Assignment: Please set down only the lines below starting with the line with "- 🔮 For Cleansing" and going on through the line with "A dupla foi", verbatim and without pictures.

Saved entries:
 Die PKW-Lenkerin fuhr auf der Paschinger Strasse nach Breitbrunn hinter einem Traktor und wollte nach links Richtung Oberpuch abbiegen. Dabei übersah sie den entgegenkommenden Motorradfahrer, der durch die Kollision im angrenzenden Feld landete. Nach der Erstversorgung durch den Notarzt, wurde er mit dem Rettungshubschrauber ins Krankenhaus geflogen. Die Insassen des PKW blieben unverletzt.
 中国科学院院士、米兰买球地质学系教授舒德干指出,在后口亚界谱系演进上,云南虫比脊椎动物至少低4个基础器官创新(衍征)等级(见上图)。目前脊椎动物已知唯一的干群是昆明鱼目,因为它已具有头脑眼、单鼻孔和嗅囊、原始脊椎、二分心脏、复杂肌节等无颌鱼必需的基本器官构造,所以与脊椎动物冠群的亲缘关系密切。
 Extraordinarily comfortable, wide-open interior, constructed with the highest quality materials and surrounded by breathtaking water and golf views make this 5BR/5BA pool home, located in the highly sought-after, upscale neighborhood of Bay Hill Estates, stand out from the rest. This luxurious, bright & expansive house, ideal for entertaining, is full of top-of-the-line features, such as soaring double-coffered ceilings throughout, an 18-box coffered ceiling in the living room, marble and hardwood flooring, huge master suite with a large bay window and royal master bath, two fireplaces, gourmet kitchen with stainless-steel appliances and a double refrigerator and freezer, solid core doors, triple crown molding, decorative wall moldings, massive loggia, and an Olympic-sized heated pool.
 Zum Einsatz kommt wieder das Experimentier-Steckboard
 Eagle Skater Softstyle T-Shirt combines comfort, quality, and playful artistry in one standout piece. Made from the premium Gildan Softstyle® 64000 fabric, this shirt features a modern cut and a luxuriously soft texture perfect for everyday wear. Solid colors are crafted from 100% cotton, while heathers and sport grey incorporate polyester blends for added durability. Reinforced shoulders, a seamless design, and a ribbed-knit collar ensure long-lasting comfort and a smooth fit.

---

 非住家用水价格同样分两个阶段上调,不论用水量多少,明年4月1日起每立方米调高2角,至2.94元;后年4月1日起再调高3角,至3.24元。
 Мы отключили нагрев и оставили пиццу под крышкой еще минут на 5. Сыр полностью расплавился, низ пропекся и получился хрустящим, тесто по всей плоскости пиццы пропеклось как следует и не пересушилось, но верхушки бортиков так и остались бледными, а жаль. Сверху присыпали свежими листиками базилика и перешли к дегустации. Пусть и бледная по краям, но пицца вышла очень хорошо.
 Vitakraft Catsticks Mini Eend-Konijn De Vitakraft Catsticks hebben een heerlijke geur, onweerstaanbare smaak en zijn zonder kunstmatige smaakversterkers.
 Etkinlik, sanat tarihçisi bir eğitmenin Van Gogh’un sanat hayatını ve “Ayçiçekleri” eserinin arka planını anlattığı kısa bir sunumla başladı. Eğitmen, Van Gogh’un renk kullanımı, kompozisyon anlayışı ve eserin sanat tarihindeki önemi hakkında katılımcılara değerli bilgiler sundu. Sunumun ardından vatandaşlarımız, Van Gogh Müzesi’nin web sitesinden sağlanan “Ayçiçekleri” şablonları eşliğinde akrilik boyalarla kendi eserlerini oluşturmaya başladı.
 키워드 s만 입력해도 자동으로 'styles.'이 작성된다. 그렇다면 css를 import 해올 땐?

--

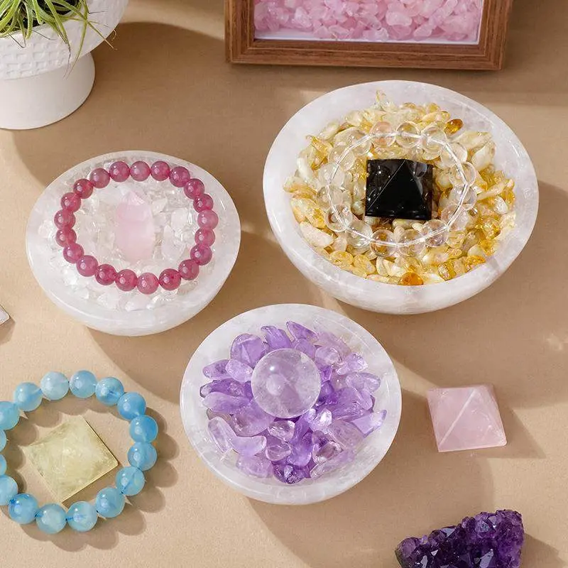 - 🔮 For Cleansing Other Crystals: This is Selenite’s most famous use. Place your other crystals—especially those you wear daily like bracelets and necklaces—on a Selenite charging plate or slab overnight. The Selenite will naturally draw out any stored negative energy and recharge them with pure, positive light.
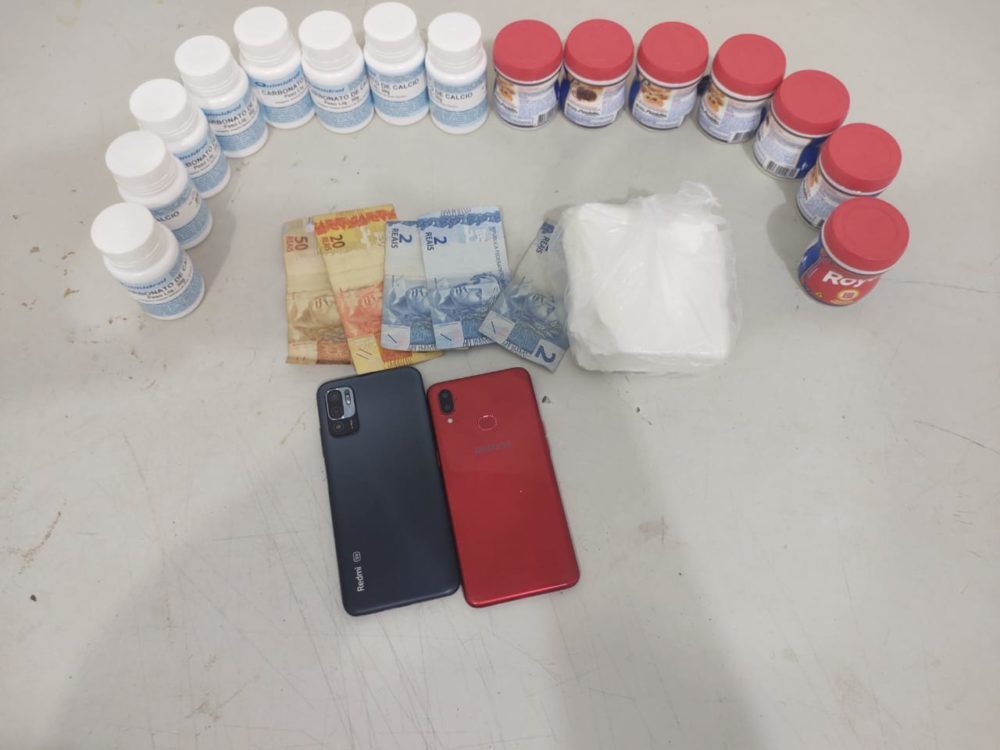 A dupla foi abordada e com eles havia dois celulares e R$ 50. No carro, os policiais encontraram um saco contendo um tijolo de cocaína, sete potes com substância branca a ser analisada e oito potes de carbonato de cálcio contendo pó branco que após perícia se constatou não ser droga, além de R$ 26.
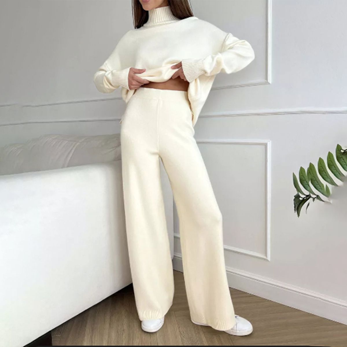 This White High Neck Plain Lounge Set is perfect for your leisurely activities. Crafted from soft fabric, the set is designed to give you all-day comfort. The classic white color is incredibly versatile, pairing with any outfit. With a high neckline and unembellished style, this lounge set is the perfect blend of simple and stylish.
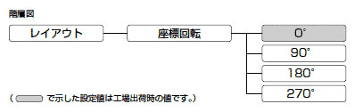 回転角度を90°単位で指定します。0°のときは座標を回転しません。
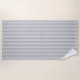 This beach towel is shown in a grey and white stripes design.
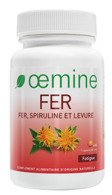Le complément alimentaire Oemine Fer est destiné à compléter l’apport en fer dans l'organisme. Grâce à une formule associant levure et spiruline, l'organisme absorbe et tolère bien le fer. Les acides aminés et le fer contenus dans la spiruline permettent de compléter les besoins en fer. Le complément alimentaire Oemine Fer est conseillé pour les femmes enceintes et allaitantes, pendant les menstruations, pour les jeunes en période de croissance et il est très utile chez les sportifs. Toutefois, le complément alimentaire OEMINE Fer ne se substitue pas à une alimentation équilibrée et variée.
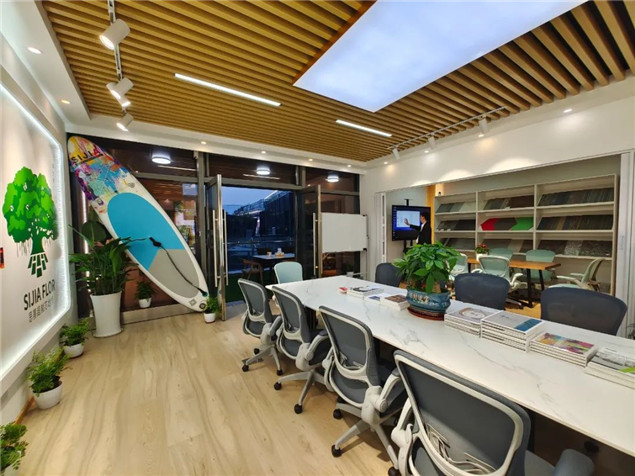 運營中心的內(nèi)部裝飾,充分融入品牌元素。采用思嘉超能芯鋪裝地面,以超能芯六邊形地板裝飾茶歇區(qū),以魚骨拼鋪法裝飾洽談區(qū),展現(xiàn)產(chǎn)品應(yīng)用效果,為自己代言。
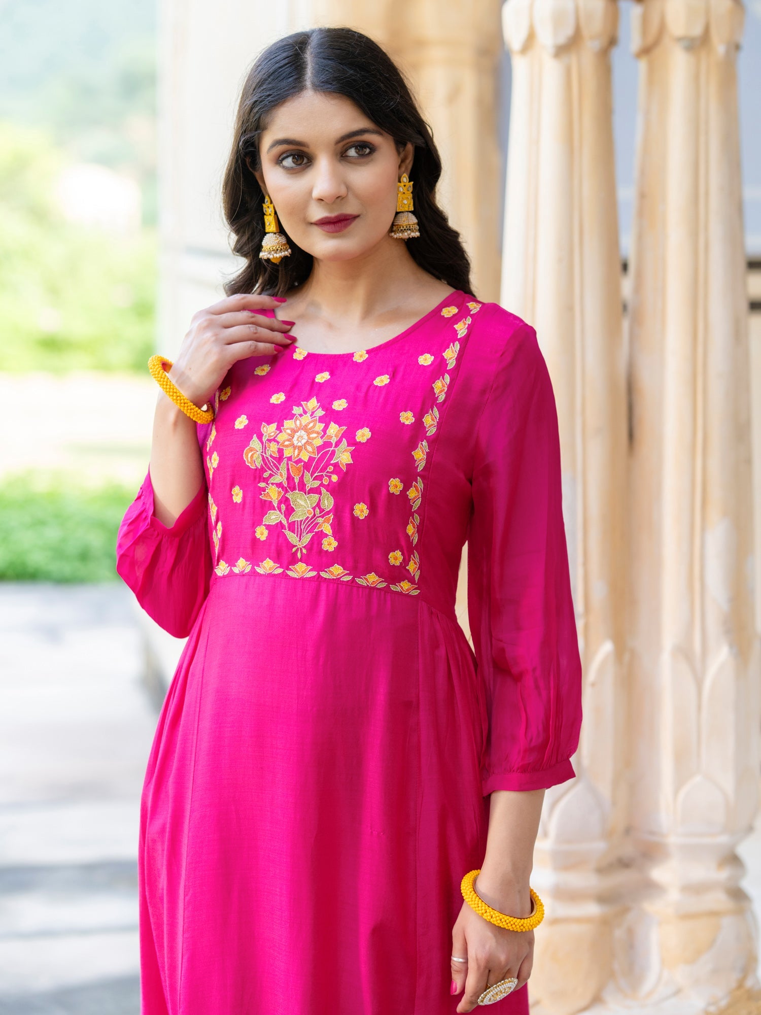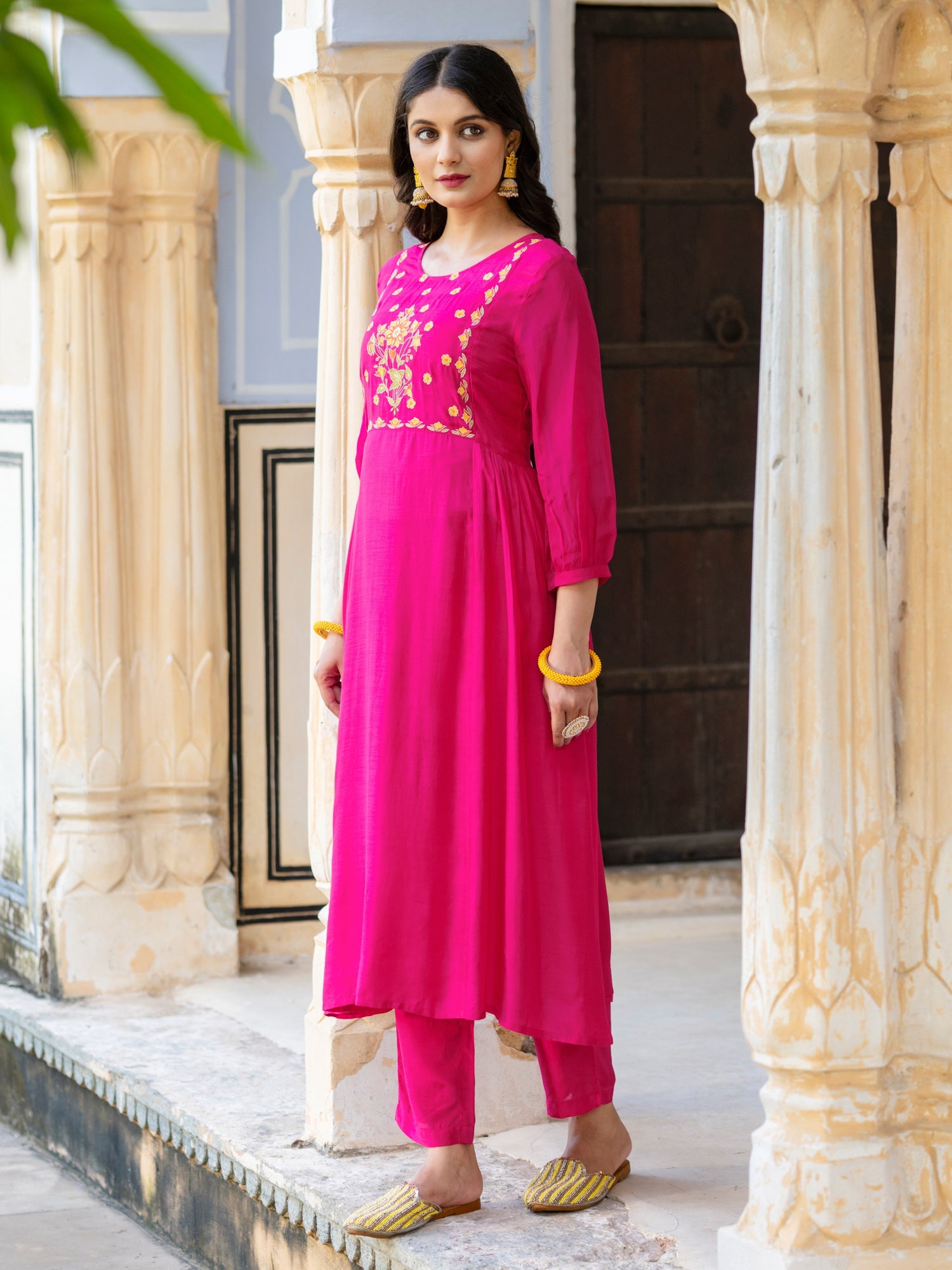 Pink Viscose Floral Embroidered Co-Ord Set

The answer:
 - 🔮 For Cleansing Other Crystals: This is Selenite’s most famous use. Place your other crystals—especially those you wear daily like bracelets and necklaces—on a Selenite charging plate or slab overnight. The Selenite will naturally draw out any stored negative energy and recharge them with pure, positive light.
 A dupla foi abordada e com eles havia dois celulares e R$ 50. No carro, os policiais encontraram um saco contendo um tijolo de cocaína, sete potes com substância branca a ser analisada e oito potes de carbonato de cálcio contendo pó branco que após perícia se constatou não ser droga, além de R$ 26.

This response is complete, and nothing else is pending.